The portion of the award that goes to the lawyer can vary, but the most common contingent fee is 33 percent of the award or settlement. Some arrangements might use different numbers for different circumstances.

For example, an arrangement might provide for a 33 percent contingency fee if the case settles before trial, and a 40 percent contingency fee if the case goes to trial.
Another issue is who pays the costs of litigation, which can be substantial.

These costs include expert medical witness fees, court filing fees, and the cost of obtaining medical records from hospitals. Many lawyers use agreements that provide that the lawyer will pay for costs of litigation, at least initially.

So, as an example, a patient and a lawyer might agree on a 33 percent contingency fee, with the lawyer shouldering the costs of litigation (at least “up front”), but in the event that the litigation is successful, the costs will come out of the award first. Assume the case settles for $100,000, and the costs of the litigation were $10,000.

In such a case, the lawyer would be reimbursed for the costs of the litigation out of the settlement money, leaving $90,000. The lawyer would then take the contingency fee of $30,000. The patient would be left with $60,000.
Important Considerations for Clients

One important thing for every potential medical malpractice client to remember is that attorney’s fees may be negotiable. Does this mean you should consult five different lawyers and compare prices and qualifications? Probably not, but there is absolutely no reason why potential clients should not shop around for the right medical malpractice lawyer. Remember, initial consultations are generally free.

Not only might the fee percentage be negotiable, other terms might also be up for discussion. For example, a lawyer might propose an agreement that requires a client to pay for litigation costs as they arise. In that situation, the client might ask that the lawyer/firm cover the costs of litigation “up front,” with the understanding that those costs would be reimbursed to the lawyer/firm if the plaintiff receives a judgment or settlement award in his or her favor.

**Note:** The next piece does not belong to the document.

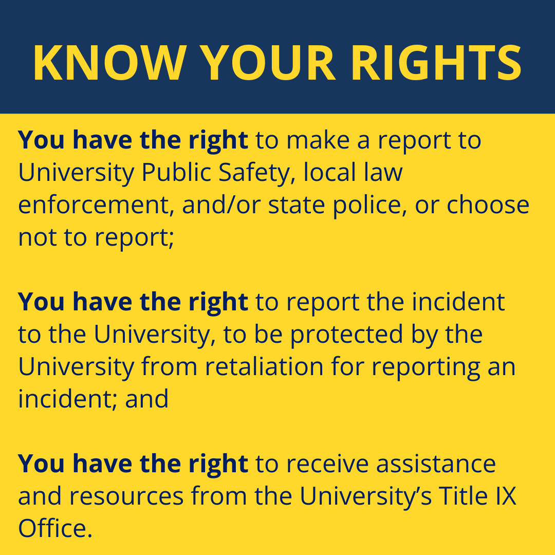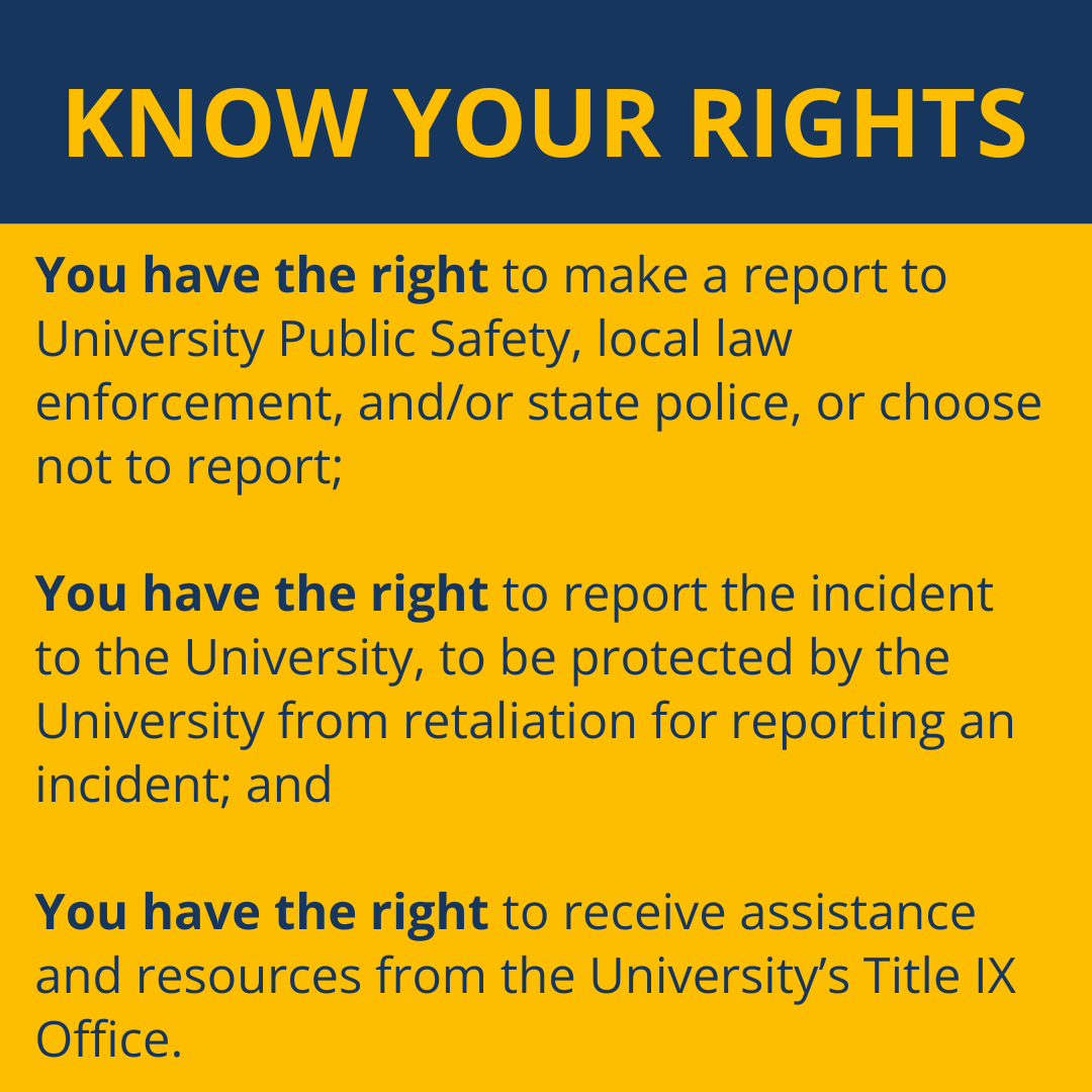 You can choose to simultaneously report to the University and the appropriate law enforcement agency for criminal investigation and response. You can also choose to only report the conduct to local law enforcement or only report to the University. You are encouraged to bring an advocate of your choosing to any meeting with Public Safety.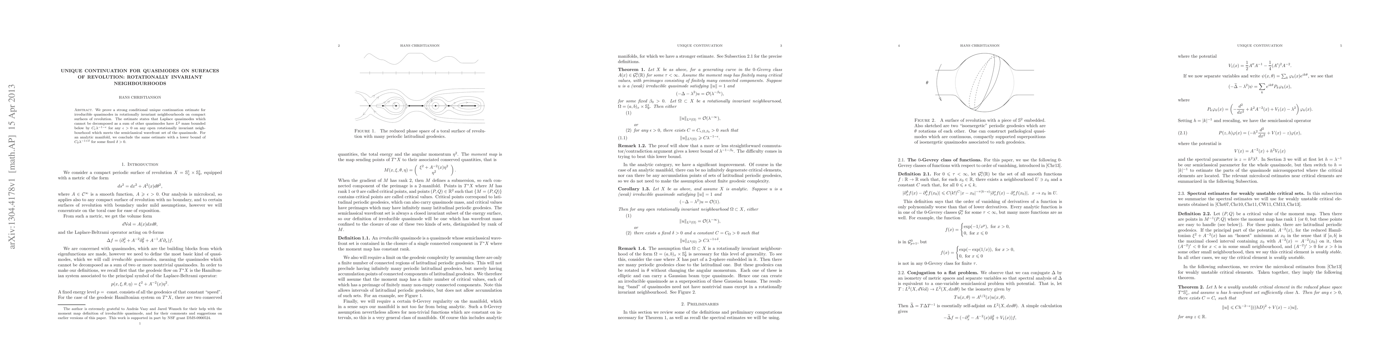 We prove a strong conditional unique continuation estimate for irreducible quasimodes in rotationally invariant neighbourhoods on compact surfaces of revolution. The estimate states that Laplace quasimodes which cannot be decomposed as a sum of other quasimodes have $L^2$ mass bounded below by $C_\epsilon \lambda^{-1 - \epsilon}$ for any $\epsilon>0$ on any open rotationally invariant neighbourhood which meets the semiclassical wavefront set of the quasimode. For an analytic manifold, we conclude the same estimate with a lower bound of $C_\delta \lambda^{-1 + \delta}$ for some fixed $\delta>0$.

Laws Affecting Medical Malpractice Fee Arrangements

Some medical malpractice reform pundits have argued that large contingency fees help drive up the cost of healthcare. As a result, some states have passed laws restricting contingency fees in medical malpractice cases. Some of these states include California, Florida, Connecticut, Tennessee, and Wisconsin.

The details of these laws vary. For example, a California law limits attorneys’ fees in medical malpractice cases to 40 percent of the first $50,000 recovered, 33 and one-third percent of the next $50,000, 25 percent of the next $500,000, and 15 percent of any amount over $600,000.